United States District Court, E.D. Michigan, Southern Division
Nov 18, 2021
No. 14-20425 (E.D. Mich. Nov. 18, 2021)

Opinion

14-20425

11-18-2021

United States of America, Plaintiff/Respondent, v. Jonathan Estrada, Defendant/Petitioner.


David R. Grand Magistrate Judge.

OPINION AND ORDER DENYING DEFENDANT'S MOTION FOR EXTENSION OF TIME TO FILE § 2255 HABEAS PETITION AND FOR APPOINTMENT OF COUNSEL [563]

JUDITH E. LEVY United States District Judge.

Before the Court is Defendant/Petitioner Jonathan Estrada's motion for an extension of time to file a 28 U.S.C. § 2255 habeas petition to vacate, set aside, or correct his sentence and for the court to appoint counsel for the purpose of a prospective habeas petition. (ECF No. 563.) As Defendant has exceeded the applicable one-year period to file a habeas petition, the Court DENIES the motion.

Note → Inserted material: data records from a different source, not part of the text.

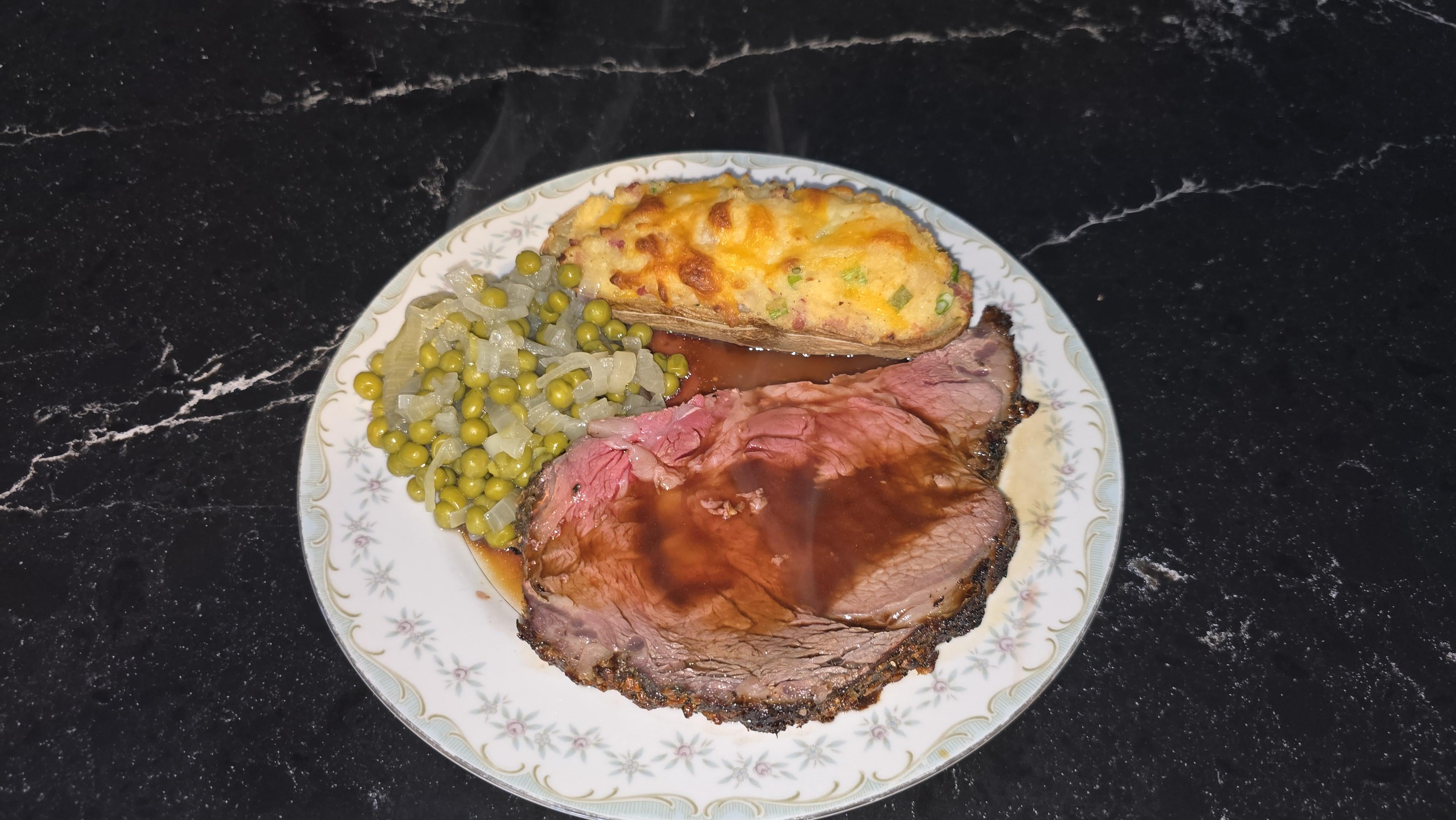 Standard fare I make at my house, with peas and onions (a childhood favorite) and loaded twice baked potato. by The_NewDeal1 Food Porn
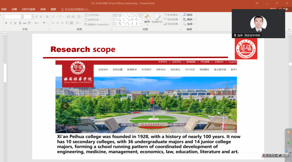 2025年10月19日,西安培华学院传媒与设计学院赵伟教授在第十八届亚洲组织发展国际研讨会上进行线上主题发言,向来自15个国家和地区的专家学者展示了我校在应用型本科教育领域的创新成果,获得与会专家的高度评价和热烈反响。
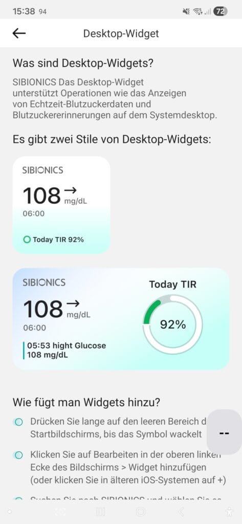 Das Widget aktualisiert sich nicht immer zeitnah, manchmal zeigt es keine Werte, aktualisiert sich dann aber flott, manchmal zeigte es TIR = 0 an…. ein kleiner, unwichtiger Bug, der sich beim Öffnen des Widgets sofort löst.

On September 18, 2018, the Court issued a judgment sentencing Defendant to a prison term of 180 months after he pled guilty to one count of RICO conspiracy, in violation of 18 U.S.C. § 1962(d). (ECF No. 463.) On September 10, 2021, Defendant filed this motion seeking an extension of time to file a petition under 28 U.S.C. § 2255 to set aside his conviction because, he argues, “the 6th Circuit has made a ruling stating that the RICO Act is ‘[n]ot' a crime of violence . . . and that the Supreme Court has also m[ade] a stay on this same ruling[.]” (ECF No. 563, PageID.3742.) Additionally, he requests appointment of counsel “if there is such a change in the law[.]” (Id.)

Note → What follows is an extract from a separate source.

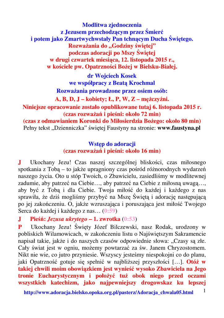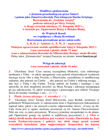 Modlitwa zjednoczenia z Jezusem przechodzącym przez Śmierć i potem jako Zmartwychwstały Pan tchnącym Ducha Świętego. Rozważania do „Godziny świętej” podczas adoracji po Mszy Świętej w drugi czwartek miesiąca, 12. listopada 2015 r., w kościele pw. Opatrzności Bożej w Bielsku-Białej. dr Wojciech Kosek we współpracy z Beatą Krochmal Rozważania prowadzone przez osiem osób: A, B, D, J – kobiety; Ł, P, W, Z – mężczyźni. Niniejsze opracowanie zostało opublikowane tutaj 6. listopada 2015 r. (czas rozważań i pieśni: około 72 min) (czas z odmawianiem Koronki do Miłosierdzia Bożego: około 80 min) Pełny tekst „Dzienniczka” świętej Faustyny na stronie: www.faustyna.pl Wstęp do adoracji (czas rozważań i pieśni: około 16 min) J Ukochany Jezu! Czas naszej szczególnej bliskości, czas miłosnego spotkania z Tobą – to jakże upragniony czas pośród różnorodnych wydarzeń naszego życia. Oto u stóp Twoich, o Zbawicielu, zasiedliśmy w modlitewnej zadumie, aby patrzeć na Ciebie…, aby patrzeć na Ciebie z miłosną uwagą…, aby być z Tobą i dla Ciebie. Twoja miłość do każdej i każdego z nas sprawiła, że dziś mogliśmy przybyć na Mszę Świętą i adorację następującą po jej zakończeniu. O, jakże wzruszająca i poruszająca jest miłość Twojego Serca do każdej i każdego z nas… (0:59) J Pieśń: Jezusa ukrytego – 1. zwrotka (0:53) P Ukochany Jezu! Święty Józef Bilczewski, nasz Rodak, urodzony w pobliskich Wilamowicach, w zakończeniu listu o Najświętszym Sakramencie napisał takie, jakże i do naszych czasów odpowiednie słowa: „Czasy są złe. Cały świat jest w ogniu, możemy powtarzać za św. Janem Chryzostomem. Nikt nie wie, co jutro przyniesie. Wszyscy jesteśmy niespokojni co do planu, jaki Opatrzność gotuje się spełnić w najbliższej przyszłości […]. Otóż w takiej chwili moim obowiązkiem jest wynieść wysoko Zbawiciela na Jego tronie Eucharystycznym i położyć tuż obok niego przed oczami wszystkich katechizm, jako najpewniejszy drogowskaz ku lepszej http://www.adoracja.bielsko.opoka.org.pl/pasterz/Adoracja_chwala05.html 1 przyszłości…”.1 O Jezu! Poruszeni słowami świętego, pragniemy w tej adoracji wysoko wynieść w sercach naszych Ciebie, przybyłego do nas w Najświętszej Eucharystii. Tobie śpiewamy pieśń miłości: (1:29) P Pieśń: Jezu w Hostii utajony – 1. zwrotka (0:41) D Najdroższy Jezu! Oto trwamy w eucharystycznym zjednoczeniu z Tobą po Mszy świętej. Nasz Rodak, święty Jan Paweł II, napisał w encyklice Ecclesia de Eucharistia (nr 25) tak: „Kult, jakim otaczana jest Eucharystia poza Mszą św., ma nieocenioną wartość w życiu Kościoła. Jest on ściśle związany ze sprawowaniem Ofiary eucharystycznej. Obecność Chrystusa pod świętymi postaciami, które są zachowane po Mszy św. – obecność, która trwa, dopóki istnieją postaci chleba i wina – wywodzi się ze sprawowania Ofiary i służy Komunii sakramentalnej i duchowej”. (1:00) D Pieśń: Serce Twe Jezu miłością goreje – 1. zwrotka (0:50) Z Ukochany Jezu! Mamy świadomość, że przyjmując Ciebie pod postaciami Przenajświętszej Hostii, dostępujemy niezwykłej łaski spotkania z samym Bogiem, Stwórcą Wszechświata, Zbawicielem całego rodzaju ludzkiego! To rzeczywiście niezwykły dar, nadzwyczajne obdarowanie… Pragniemy wyznać, że jednak nie zawsze zauważamy, że tego Daru dostępujemy pod sam koniec liturgii eucharystycznej, co też powinno stać się dla nas okazją do trwania w modlitewnej adoracji wobec Ciebie także po zakończeniu Mszy Świętej. Dziś zatem z całego serca przepraszamy Ciebie, o Panie, za zbyt pospieszne opuszczanie Ciebie, przybyłego w Komunii Świętej. (1:09) Z Pieśń: Jezusa ukrytego – 2. zwrotka (0:53) A Miłość wobec Ciebie, o Jezu, i wobec Twojej Matki Maryi, pragnę teraz wyznać słowami świętej Faustyny: „Dziękuję Ci, Oblubieńcze mój najukochańszy, za godność, którą mi darowałeś, a szczególnie za herby królewskie, które mnie od dziś zdobią, a których nawet aniołowie nie mają, to jest: krzyż, miecz i cierniowa korona. Ale, Jezu mój, ponad wszystko dziękuję Ci za Serce Twoje. – Ono mi wystarcza za wszystko. Matko Boga, Maryjo Najświętsza, Matko moja, Ty w szczególniejszy sposób teraz jesteś Matką moją, a to dlatego, że Syn Twój ukochany jest Oblubieńcem moim, a więc jesteśmy oboje dziećmi Twymi. Ze względu na Syna musisz mnie kochać. Maryjo, Matko moja najdroższa, kieruj moim życiem 1 J. Bilczewski, Listy, t. 1, s. 101. Cytowane za: J. Wołczański (redaktor), Na ścieżkach modlącego się Arcypasterza. Fragmenty z pism Sługi Bożego Józefa Bilczewskiego, Arcybiskupa Metropolity Lwowskiego ob. łac., Lwów 2000, s. 29-30. http://www.adoracja.bielsko.opoka.org.pl/pasterz/Adoracja_chwala05.html 2 wewnętrznym, aby ono było miłe Synowi Twojemu (Dzienniczek, nr 240). (1:23) A Pieśń: Matko Najświętsza do Serca Twego – 1. zwrotka (0:34) W Ukochany Zbawicielu! Święty Jan Paweł II tak napisał w encyklice Ecclesia de Eucharistia (nr 25) o spotkaniu z Tobą: „Pięknie jest zatrzymać się z Nim i jak umiłowany uczeń oprzeć głowę na Jego piersi (por. J 13,25), poczuć dotknięcie nieskończoną miłością Jego Serca. Jeżeli chrześcijaństwo ma się wyróżniać w naszych czasach przede wszystkim «sztuką modlitwy», jak nie odczuwać odnowionej potrzeby dłuższego zatrzymania się przed Chrystusem obecnym w Najświętszym Sakramencie na duchowej rozmowie, na cichej adoracji w postawie pełnej miłości? Ileż to razy, moi drodzy Bracia i Siostry, przeżywałem to doświadczenie i otrzymałem dzięki niemu siłę, pociechę i wsparcie!”. (1:14) W Pieśń: Serce Twe Jezu miłością goreje – 2. zwrotka (0:50) B Święta Faustyna od Najświętszego Sakramentu jest dla nas wzorem, jak miłować Ciebie, o Jezu. Miłość swojego serca święta tak wyznawała Tobie, o Ukoch

Last year, Mr. Estrada filed a similar motion to extend the time to file a § 2255 habeas petition. (ECF No. 478.) He sought an extension of time to argue that he is actually innocent of the crime for which he pleaded guilty and that his conviction no longer qualified as a crime of violence “in light of [the Supreme Court's decision] in United States v. Davis, [139 S.Ct. 2319 (2019)].” (ECF No. 478, PageID.2664.) Thereafter, he requested that the Court appoint him counsel for the purpose of the motion. (See ECF No. 489.) On December 9, 2020, the Court denied both motions. (See ECF No. 507.) The Court noted that Davis was inapplicable to his case. (See id., PageID.2905 n.3.) Further, Mr. Estrada provided no explanation for his delay in appealing his final judgment during the required timeframe. (See id., PageID.2906.)

An incarcerated person may file a federal habeas petition to vacate or set aside a sentence that “was imposed in violation of the Constitution or laws of the United States . . . or is otherwise subject to collateral attack.” 28 U.S.C. § 2255(a).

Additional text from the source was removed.